The E-Cat HT operates from an “as yet unknown reaction” in a chamber of hydrogen-infused nickel powder containing some additional catalyst. The nickel powder is enclosed by a hermetically-sealed steel cylinder 3 centimeters in diameter and 33 centimeters long. Surrounding this inner cylinder are resistor coils that heat up the core, initiating the reaction.

nov-test-tempAll of this is housed in an outer cylinder made of steel and ceramic that varies depending on the experiment. A thermal camera imaged the surface of the reactor over time, determining the temperature of the outer steel casing.

A first test occurred in November 2012, but that unit overheated, melting the stainless-steel inner chamber. While the data was incomplete, it was clear the reactor made significant heat beyond any chemical reaction. After re-designing the experiments for the second and third tests, computations of Coefficient of Performance (COP) and thermal energy density were strong and impressive.

“The procedures followed in order to obtain these results were extremely conservative, in all phases…. it is therefore reasonable to assume that the thermal power released by the device during the trial was higher than the values given by our calculations”, the report states.

December test gives COP of ~5.6

For the December test, the E-Cat HT ran for 96 hours.

Input power to the heating coils was modulated “with an industrial trade secret waveform”, with the average hourly power consumption used by the heating coils at 360 Watts.

The average thermal Output Power of ~ 2034 +/- 203 Watts assumed a 10% error.

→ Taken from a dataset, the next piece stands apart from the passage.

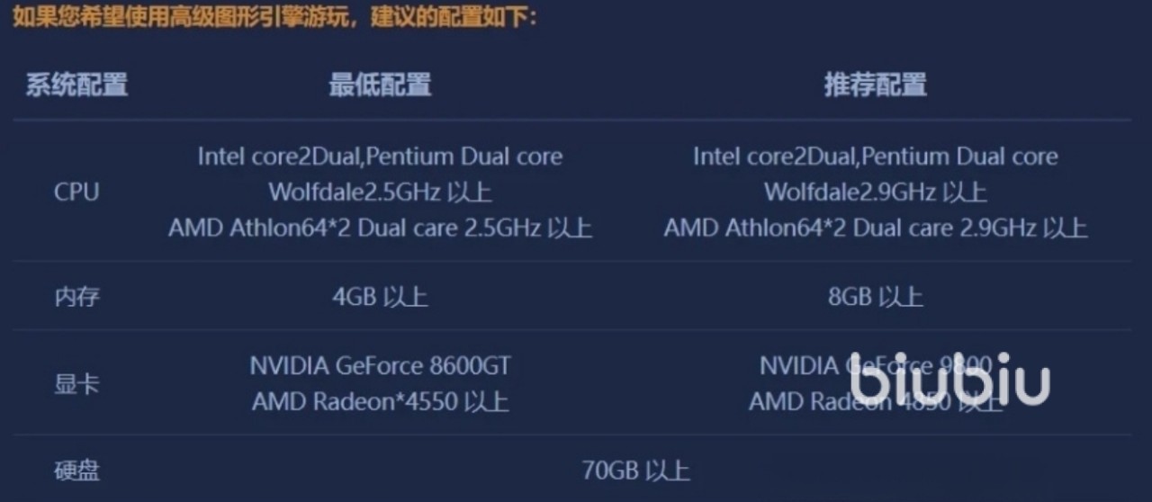 预期最低配置Windows 10/11保障基础运行环境,处理器Intel core2Dual或者Pentium Dual core或同级别性能以上,内存4GB RAM,显卡英伟达 GeForce 8600GT AMD Radeon4550以上,保证1080P中等画质下相对稳定流畅表现,存储50GB,NVMe固态硬盘将极大减少地图加载延迟,缓解战斗中的卡顿问题。

E-Cat HT on support frame from December test

E-Cat HT on support frame from December

A simple ratio of thermal output power/ input power gives a COP of

COP
= 2034 Watts / 360 Watts
~ 5.6 +/- 0.8.

Power density, defined as watts per kilogram of fuel, is the ratio of thermal excess power generated in watts to the mass of nickel powder fuel in kilograms.

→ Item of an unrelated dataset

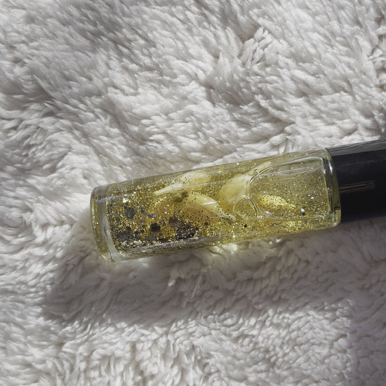 It's Golden Hour with this delicious marshmallow scented lip oil. Wonderful for moisturizing and softening the lips with a bit of flavor, stunning golden glitter and elegant flower pieces! Apply often for sweet soft lips before lipstick, gloss, balm, etc. or just apply for a sweet natural lip.

Excess power is the thermal output power minus the input power. The amount of fuel used for the calculation was 0.236 kilograms, an overweight value that included the mass of the caps of the inner chamber. This over-value for fuel gives a lower limit for power density, so we can assume that the power produced by the E-Cat HT was even greater than that computed in the report.

Thermal Power Density
= (2034 – 360) / 0.236
= 7093 +/- 709 Watts/kilogram, again assuming a 10% error.

Thus, power density is about 7 kilowatts per kilogram of nickel powder fuel.

To get the thermal energy density, the power density is multiplied by the total number of hours the E-Cat HT ran, giving:

Thermal Energy Density
=7093 * 96
~ 681,000 Watt-hours/kilogram
= 681 kilowatt-hours/kilogram

After 96 hours, this unit was shut down to end the experiment.

E-Cat HT2 is self-sustaining

A new generator was employed in the March test, one with a slightly different design called the E-Cat HT2.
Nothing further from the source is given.